The structure of high-temperature resistant oil-immersed transformers strives to use the mature structure and processes of traditional transformers, retaining the advantages of traditional transformers, such as reliability, good workmanship, and economic efficiency. The biggest difference between these transformers and traditional ones lies in the design's reasonable consideration of the actual temperature field inside the transformer. By rationally using insulation materials of different temperature resistance grades according to the temperature distribution, a mixed insulation system is formed. With the aid of transformer temperature field simulation technology, the temperature distribution of the transformer (mainly the windings and their vicinity) can be accurately determined. According to different temperature ranges, insulation materials of different grades are selected, fully utilizing the high-temperature resistance characteristics of the materials while maintaining good economic efficiency. The maximum operating oil temperature of this oil-immersed transformer is set at 95°C, ensuring good safety, thermal performance margin, and long expected lifespan for the transformer.
For the overall temperature design of the transformer, we propose and implement the concept of "7-level temperature control technology" as a design principle, which involves extending from the hottest point near the winding hotspot to the outer low-temperature area in five levels, and considering short-circuit and overload conditions to form seven thermal states for temperature control design methods:
1. Insulation Temperature Control Technology: Different insulation materials are selected for different parts of the windings and transformer bodies based on their temperatures. This controls the winding hotspot temperature.

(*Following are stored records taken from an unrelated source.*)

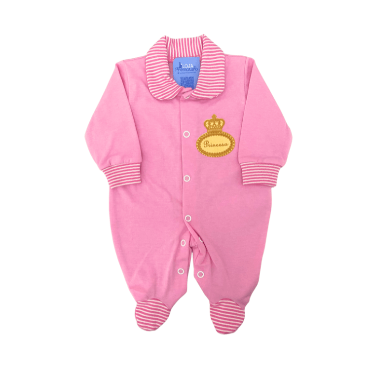 Macacão Prematuro Com Pé Gola E Detalhe Princesa Rosa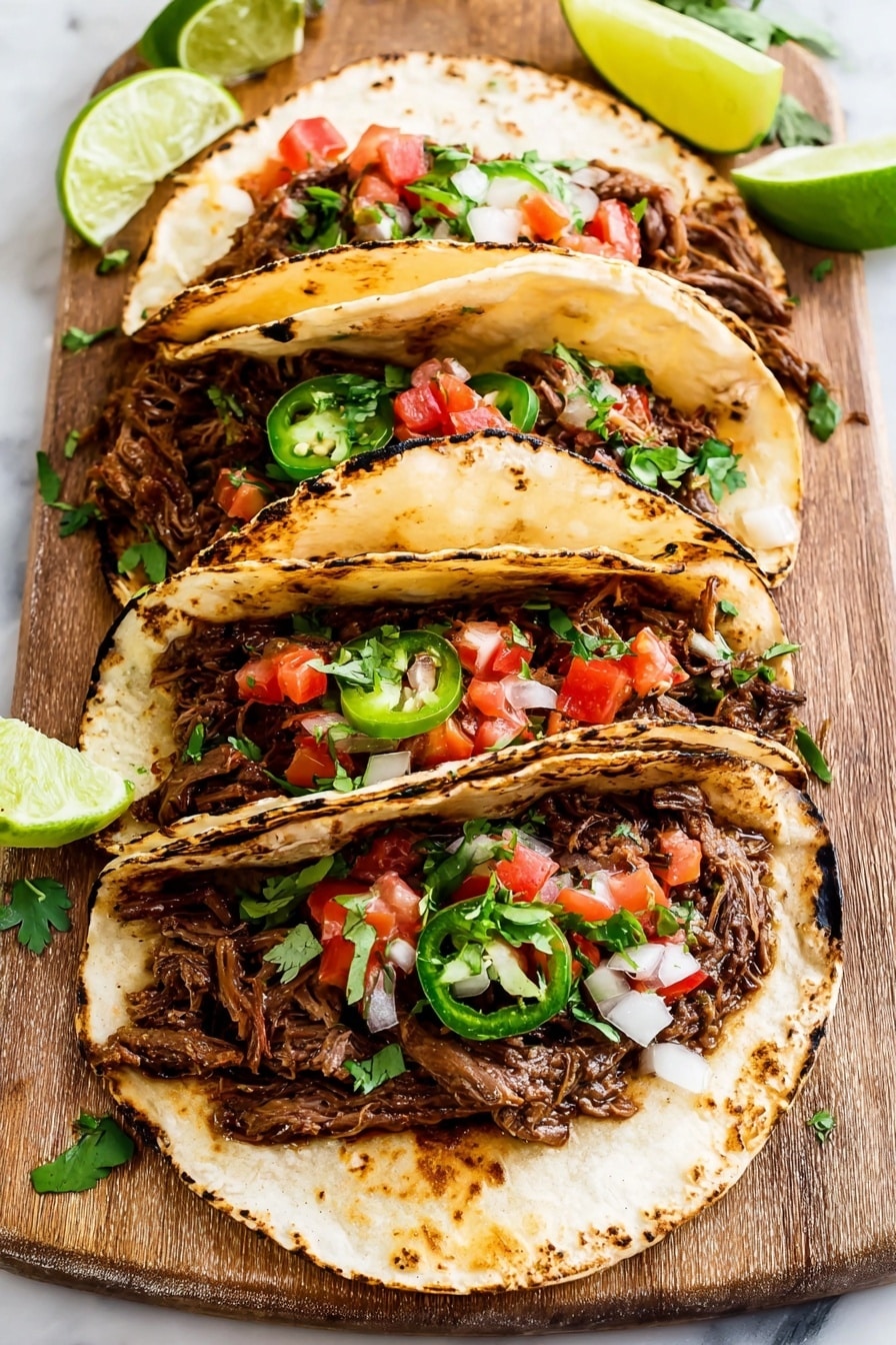 When I serve this barbacoa, I love topping it with fresh cilantro, diced white onion, and a squeeze of extra lime for a pop of brightness. Crumbled queso fresco or a dollop of sour cream add a creamy contrast, while sliced avocado offers richness that balances the smoky heat perfectly.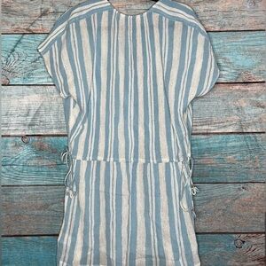 Beautiful swim cover by Joie. Size x-small. Blue & white stripes with metallic silver threads. Sparkly. Mini dress style. Cute tassel tie details. Semi-sheer. Preloved. Please see all photos for condition. Drapey fit. V-neck. Wide sleeves.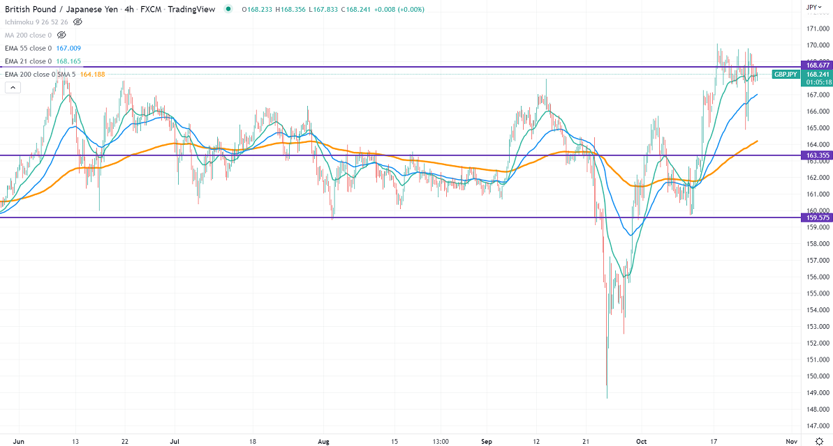 GBPJPY recovered sharply after hitting a minor bottom of 164.86. The pound sterling surged against all majors on optimism about political development in the UK. The market mood got elevated in the UK after the election of New PM Rishi Sunak will bring stability to the UK economy. Any close above 1.13255 confirms intraday bullishness, a jump to 1.1400 is possible. Technically in the 4-hour chart, GBPJPY holds above short-term 21-EMA, 55- EMA, and long-term 200 EMA (164.14). Any convincing break above 170 will take the pair to the next level 172/175. GBPJPY hits an intraday low of 169.32 and is currently trading around 168.896.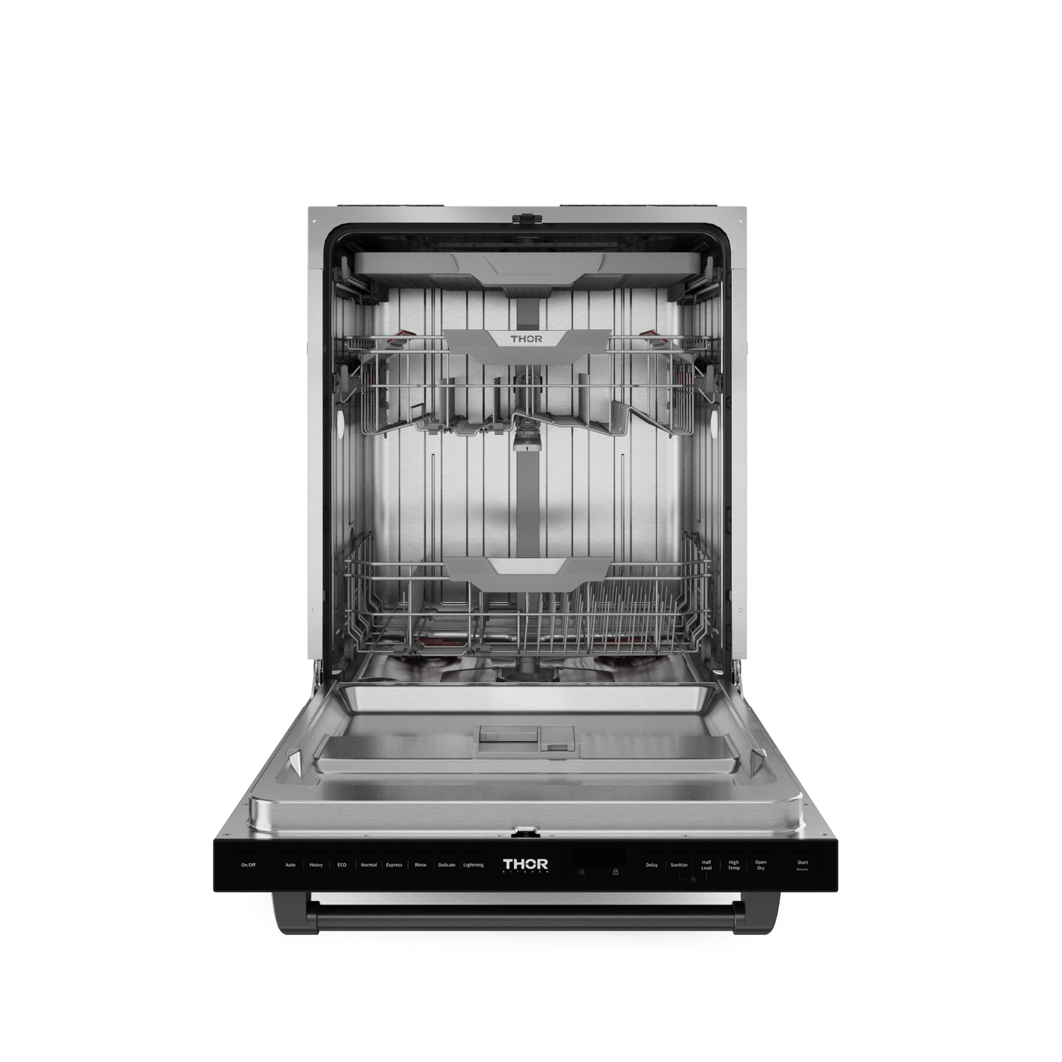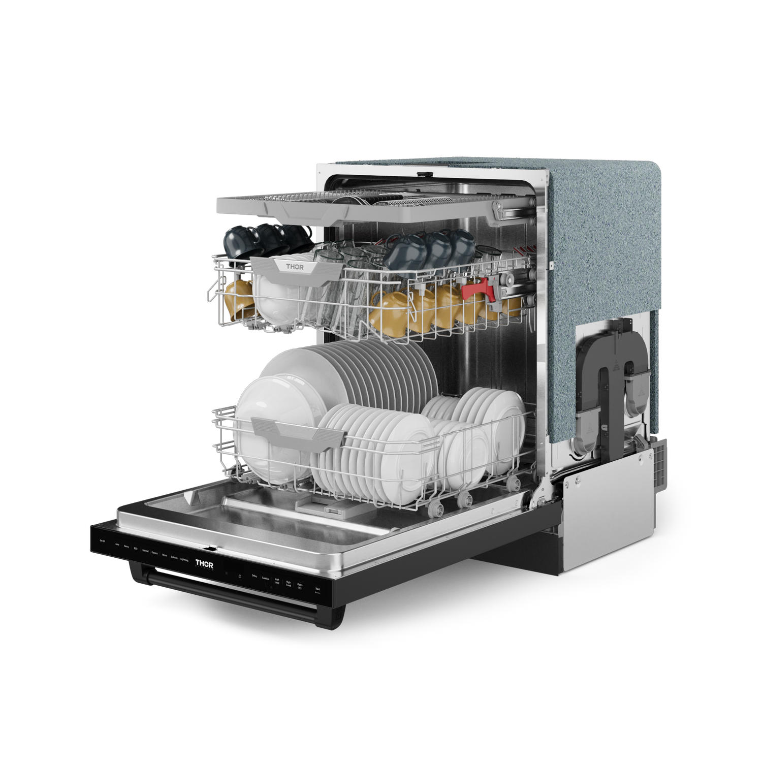 Multiple wash cycles handle everything from delicate glassware to heavily soiled pots.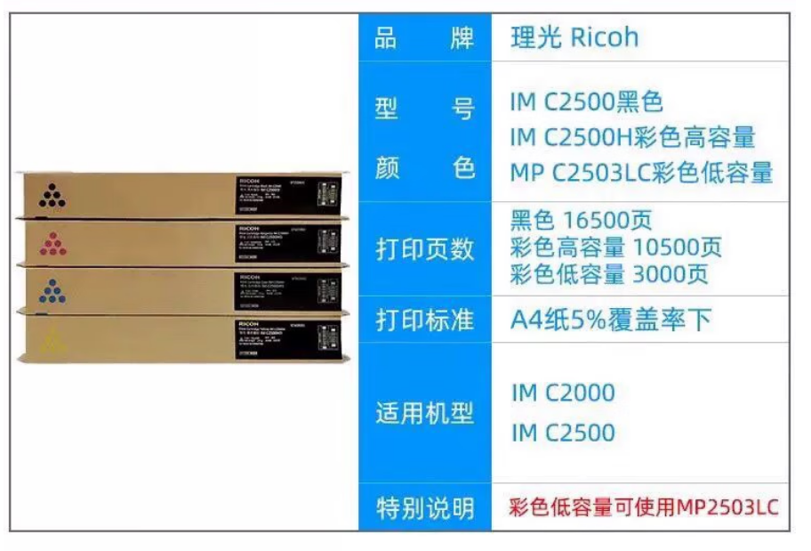 理光MP C2503C型黑色粉盒大容量 (285g)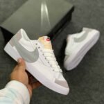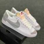 The Blazer Mid 77 Vintage White Sky features a smooth white leather upper with grey suede mudguards and black Swooshes. A white sole and classic branded woven tongue label complete the design.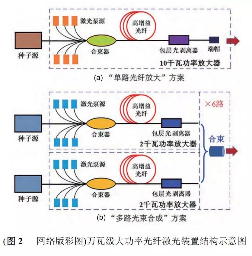 在近十年以來(lái), 大功率光纖激光技術(shù)得到了飛快發(fā)展, 究其原因除了光纖激光器本身的獨(dú)特優(yōu)勢(shì)之外,受到市場(chǎng)行為推廣的光纖激光材料與器件(即高增益雙包層光纖、光纖光柵、合束器、包層光剝離器、大功率泵浦源等)對(duì)激光器的發(fā)展起到了至關(guān)重要的作用。圖2所示為萬(wàn)瓦級(jí)大功率光纖激光裝置結(jié)構(gòu)示意圖, 無(wú)論是“單路光纖放大”還是“多路光束合成”方案,光纖激光系統(tǒng)都主要由:激光種子源、激光泵源、光纖材料與元件(合束器、包層光剝離器等)等幾個(gè)關(guān)鍵部分組成,下面分別予以介紹。

2. Liquid Flow Circuit Temperature Control Technology: By comprehensively considering the relationship between liquid flow velocity fields and temperature fields, the temperature of the liquid flow in various parts is determined and controlled. This controls the boundary layer liquid temperature near the winding hotspot and the top-layer liquid temperature.
3. Overload Temperature Control Technology: Temperature rise control for various parts of the transformer under overload conditions. The temperature distribution under overload conditions differs from that during rated load operation, and the design should pay attention to the temperature rise changes under overload conditions.
4. Core Temperature Control Technology: Temperature control of insulation parts in contact with the core.
5. Sealing Temperature Control Technology: The thermal expansion, deformation, strength, etc., of the fully sealed oil tank change with temperature and must be controlled to ensure that the transformer operates normally within its allowable temperature range.
6. Component Temperature Control Technology: Components are equipped with corresponding insulation materials according to their location temperatures, such as sealing gaskets.
7. Short-Circuit Temperature Control Technology: When a transformer experiences a fault short circuit, the short-circuit current flowing through the windings is very large but lasts for a short time. It is usually calculated as an adiabatic process. Under repeated short-circuit reclosure conditions, thermal accumulation, and heat dissipation effects should be considered. Generally, due to the excellent high-temperature resistance, mechanical strength, dielectric coefficient, and minimal change in dielectric loss with temperature of NOMEX® paper, even under repeated short-circuit reclosure conditions, there will be no mechanical damage or electrical faults caused by temperature rise, nor will the lifespan of the insulation material be compromised.